The Journal of Arthroplasty, Volume 32, Issue 8, 2417 - 2420

Risk-Benefit on Quality of Life After Total Knee Arthroplasty in Octogenarians

Lizaur-Utrilla, Alejandro et al.


Clinical outcomes of total knee arthroplasty (TKA) in very older patients have been widely studied, but the available evidence on quality of life (QOL) is limited. The objective was to evaluate the impact of TKA on the QOL in octogenarian patients and assess whether the risk-benefit justified surgery.


Prospective study comparing 143 octogenarian and 149 septuagenarian patients. QOL was assessed with the Short Form-12 (SF-12) and the Western Ontario and McMaster Universities Arthritis Index (WOMAC) questionnaires and functional outcomes with the Knee Society score (KSS). Comorbidity, complications, pain, and satisfaction were also assessed.
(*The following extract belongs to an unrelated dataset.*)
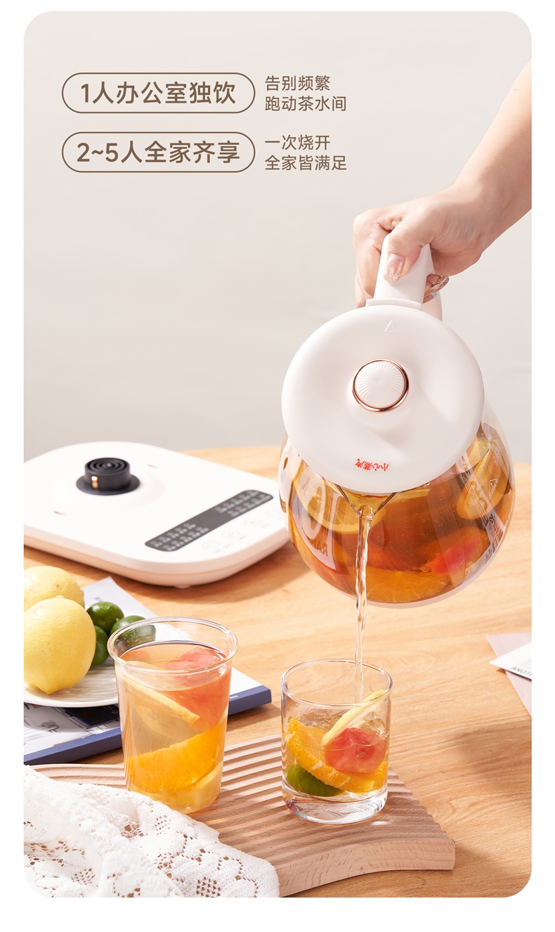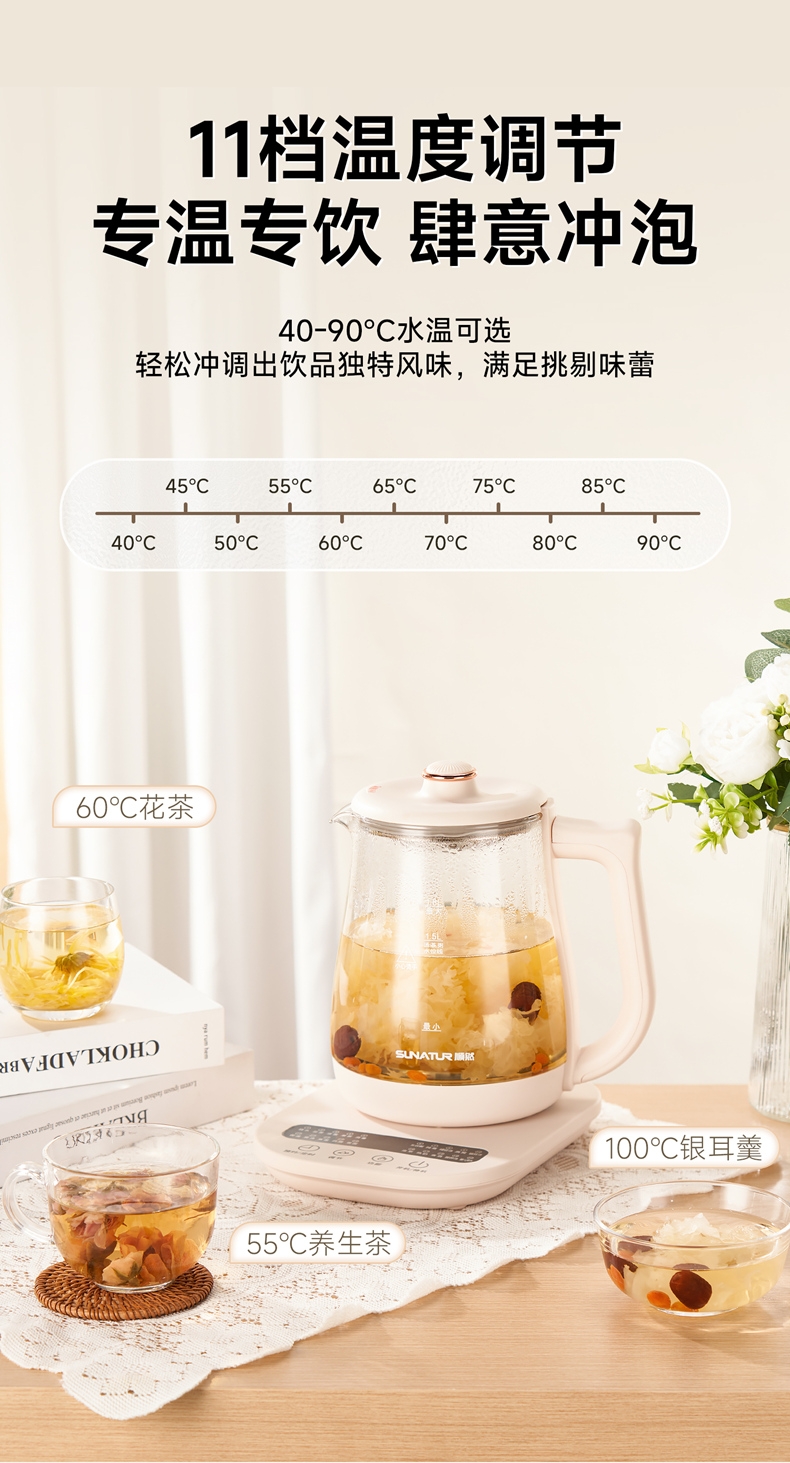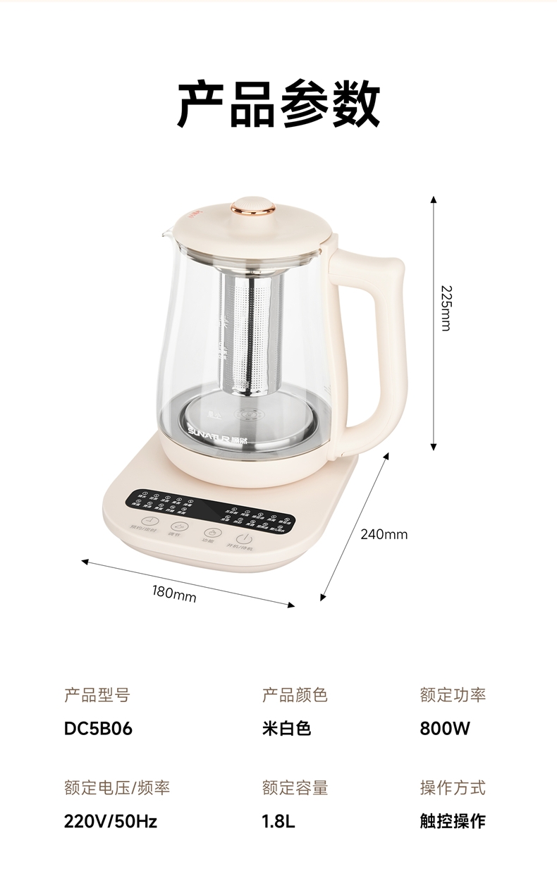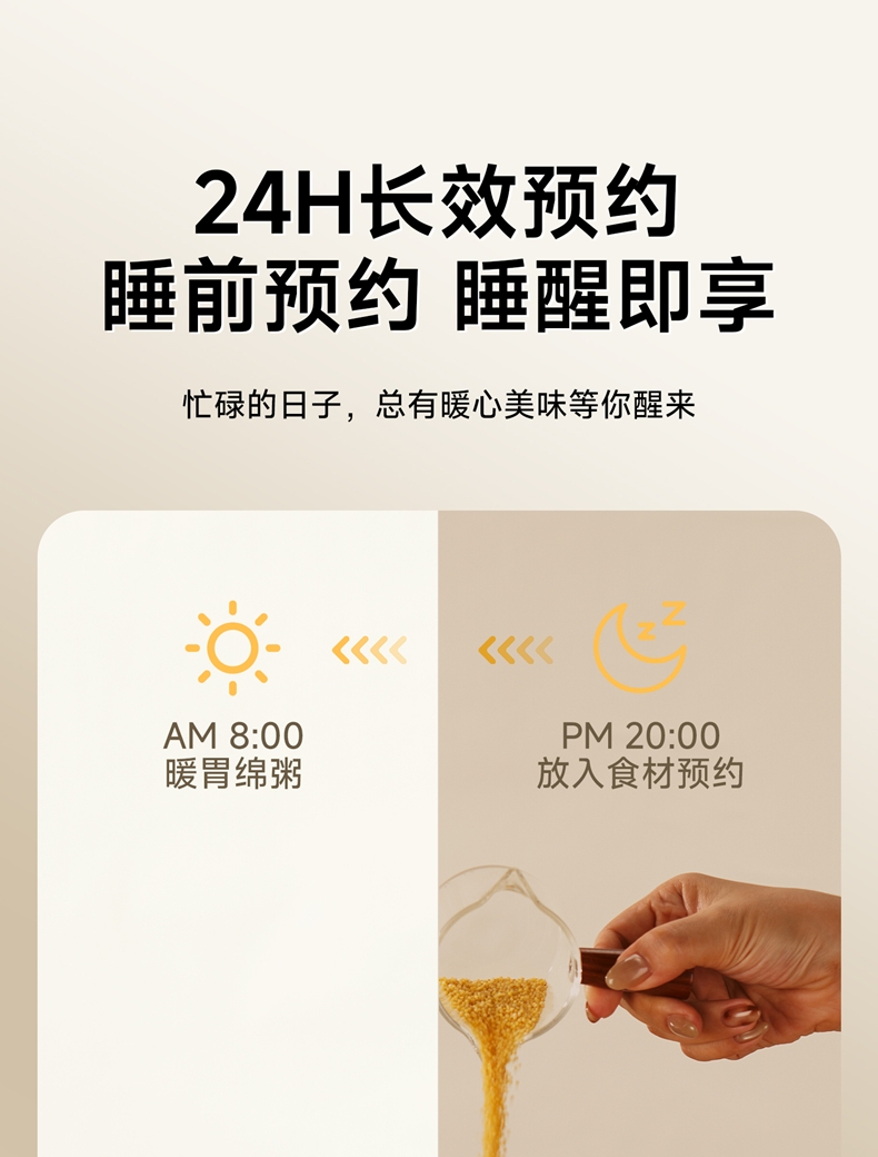 800W大功率快煮,精煮慢炖润身心 60s提壶记忆;20大润养菜单,1.8L畅饮大容量 11档温度调节;24H长效预约,睡前预约,睡醒即享

Mean postoperative follow-up was 3.2 years (range, 2-5 years). Comorbidities, medical complications, transfusion rate, and length stay were not different between groups (P < .05). Comorbidities and complications had no influence on the outcomes. There were no significant differences in preoperative knee KSS, WOMAC, or SF-12 mental scores, but octogenarians had significantly lower functional KSS (P = .003) and SF-12 physical scores (P = .005). At the last follow-up, there were no significant differences in KSS, WOMAC, and SF-12 physical scores (P < .05), but octogenarians had higher SF-12 mental (P = .030) and satisfaction (P = .031) scores.


TKA provided pain relief, satisfaction, and improvement in QOL for octogenarian patients to the level of the septuagenarian patients. TKA was a suitable option for octogenarian patients with appropriate surgical indications and manageable risk.